Permit by Rule (Case Studies)

Upon undertaking the literature search for background information, it became very apparent that the Permit by Rule system had insufficient data. All examples of currently functioning Permit by Rule pertained to bio-solid management uses. To gain a complete comprehension of the system all examples should be gathered and with multi-stakeholder participation, lead to the creation of a single standardized Permit by Rule. This would formalize the process and make the system implementable for projects in Canada. Extensive Permit by Rule application exists in the United States and a draft permit in Canada could be established using these guidelines such as those existing case studies that were mentioned earlier from the UK. The creation of a collaborated Canadian Permit by Rule system developed from research of existing systems and using the input of various stakeholders will promote the system in Canada and make it available for use not only the in leaf land spreading program but other areas as well.

Further Research

Due to the limitations of the project, a complete research analysis was not completed and therefore to implement the leaf land spreading program, further research is needed to fill the gaps. Our hopes are that this project would be the starting point for an iterative process of research in this field. This would hopefully lead to a point where all of the problems and issues associated with this program are analyzed and further presented with solutions. Some areas to be further researched would be the Permit by Rule system using current case studies and possibly leading the formation of a draft Permit, farmer willingness and re- evaluation of the successfulness of the educational programs, increase knowledge of site —specific composting scientific guidelines and organization into practical categories, ways that the current Certificate of Approval system may be improved upon or changed with meaningful results, and to gain an increased understanding of Ministry proceedings through conducting successful interviews to undercover the complexities that exist within the government and what it would take for the Region to effectively and efficiently implement the leaf land spreading program or to improve upon the current system to ease the process.

Public Consultation and Involvement

The public are the primary producers of the leaves into this system. Our hopes are that they could be involved to a greater level in the decision making processes of the program, which would essentially lead to a greater sense of responsibility for what they put into the system. As well educational campaigns would lead to a higher participation rate, as many homeowners throw out their leaves the garbage which additionally augments the 15% of organic wastes that are already in the landfill in Waterloo. This could also increase the quality of material that is being picked up the Municipalities.

Public Education/ Promotion

The establishment of an educational program for the general public concerning health and safety issues would increase their comfort and familiarity of the system leading to its overall success. With a focus on sustainable soil management it may help the public realize the importance of using environmentally safe and renewable materials on their own properties and also increase knowledge of organic farming. The city of Waterloo is a very dynamic community and with an appropriate educational campaign or environmental fair, the results would further help to implement leaf land spreading. It could also lead to the formation of individual groups forming for specific interests preventing the progress of the program with a focus on activism activities or lobbying and essentially volunteers taking on problems for the Region.

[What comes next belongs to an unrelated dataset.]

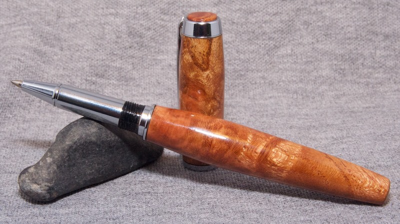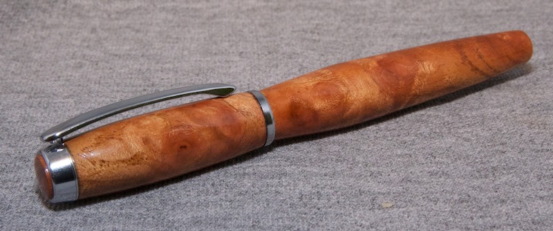 The pen is a Jr Gent I closed end in White Cedar Burl (Melia azedarach) and the finish is three coats of dipped poly. Don't let my crappy flash burned pic fool you, it has a nice even glossy finish... even with my diffuser I couldn't get a picture without some flash burn. The wood has incredible detail that was very difficult to pick up and it really dances as you move the pen around... Incredible! I've included a Brooks-esque close up shot to give you all an idea of the figure this blank has! It's really awesome!

PROGRAM OF EVENTS- see program of events diagram below

The first part of our project consisted of the formulation of a project research question; we needed a focus for our project so we could begin more detailed work in this project. This in itself allowed us to begin the process of defining the boundaries and scope of our project. We settled on a qualitative analysis, as this topic was not one that could be analyzed from a quantitative perspective. Most of the quantitative work that could be done in this area was already completed by a previous study of the Regional Municipality of Waterloo’s waste management division. Once we identified the research question, we shifted our focus to identifying the sources of relevant information.

In other words, we began our literature search and research into the field. This was especially difficult as it was a new topic for us; we did not have the benefit of prior knowledge that other research teams had. We completely immersed ourselves in to the relevant literature, most of it consisting of government documents and completed certificates of approval. This allowed us to gain a functional understanding of the topic; a large amount of background information had to be digested, in a relatively short period of time. Once we had done this background reading we became more knowledgeable of the specific issues that plagued the system, and gather together several alternatives that we could analyze to see if they were a more flexible option that provided the same measure of security. Once the information had been gathered, the next phase was sorting through the gathered literature and selecting what was appropriate for this project. Concurrently with this portion of our project we drafted a proposal for our research design.

Once the proposal was completed, and our literature search completed we were able to decide what information we still needed to gather, and what perspectives to analyze in further detail through the questionnaire and survey portion of our study. All of this work was consolidated into one document and submitted to the Office of Research Ethics. Once we received the necessary clearance, we began the interview and survey portion of our study. Once this process was completed we analyzed the various perspectives that had arisen from that stage of our study, and compiled them into a coherent set of recommendations. These recommendations and a further distilled set of literature on the subject were the material upon which we based our presentation of findings. All of this led to the final stage of our study - the report.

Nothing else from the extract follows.